小崽瞥他一眼,又撅嘴看向老頭,他舀一大勺雞蛋羹喂嘴裡,垂著頭鼓著腮幫子大口嚼。

趙西平什麼都沒說,他端碗要出去盛飯。

“給我捎半碗。”隋玉遞出碗,說:“半碗粥,再掰半個餅。”

趙父看看,得,這兩口子壓根沒教訓孩子的意思,他氣得端碗出去吃。

小崽高興了,他捧著碗吃得美滋滋的,一小碗蛋羹吃完,還去他爹那裡討幾口包子吃。

茶舍開門了,趙父趙母把手上的碗筷一撂,人手拿個滷蛋就急匆匆出門,急著要去佔個好位置。

兩個老人走了,屋裡不剩幾個人,老牛叔看看隋玉,跟小崽說:“小蚊子,把你的笛子拿來我瞅瞅。”

小崽瞪他,說:“我不是蚊子——”

“你爺是老蚊子,你就是小蚊子,你爹是大蚊子。”老牛叔笑笑,他揹著手出門,“我也去聽曲了。”

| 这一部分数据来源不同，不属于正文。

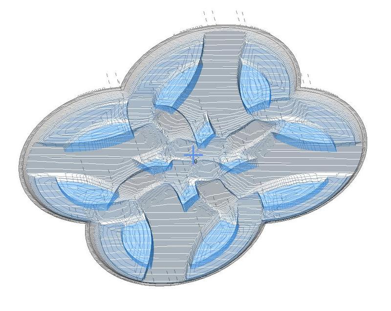 An ~5" nine piece triquetra and interlaced circle (AKA tinity knot) inlay. The fist example is Sapele inlaid in Eucalyptus. The second is Maple and Sapele inlaid in Walnut. The later includes the vacuum fixture used to machine the inlay pieces. All inlays are made with 3 plys of mostly A grade veneer and will mate with pocket perimeters machined with a 2mm bit.

“你牛爺爺沒說錯。”隋玉開口,她拿走小崽吃完蛋羹的碗,點了點墊在他屁股下面的胡笛,說:“不準再跑到你爺你奶面前滴滴吹。”

小崽不高興了。

隋玉不理他,她端碗出門。

“玉掌櫃,快點過來,昨天沒說完,我再補充補充。”門外有客商催。

“來了。”隋玉把碗筷遞給殷婆,轉頭跟趙西平說:“我先過去了。”

“好。”

“小蚊子,你去不去?”隋玉問。

趙小崽不理,反正又不是喊他的。

趙西平不在乎小崽喊他爺喊什麼,只要不喊臭老頭,不罵人就行。

“不能對著人一直吹笛子,別人會不喜歡你的。”他告誡道,“不止是你爺,住在客舍裡的人也不行,你把他們惹煩了,以後他們不幫你給你娘捎信了。”

小崽抬眼看他。

趙西平沒再說什麼,他拿掃帚進來掃地,翠嫂見了,忙說:“大人,您忙您的,我待會兒過來掃地。”

“沒事,我沒什麼忙的。”

用鍬鏟走灰,出去再進來,趙西平見小崽撅著屁股跪在地上又開始把玩他的笛子,顯然,剛剛挨訓的事已經忘記了。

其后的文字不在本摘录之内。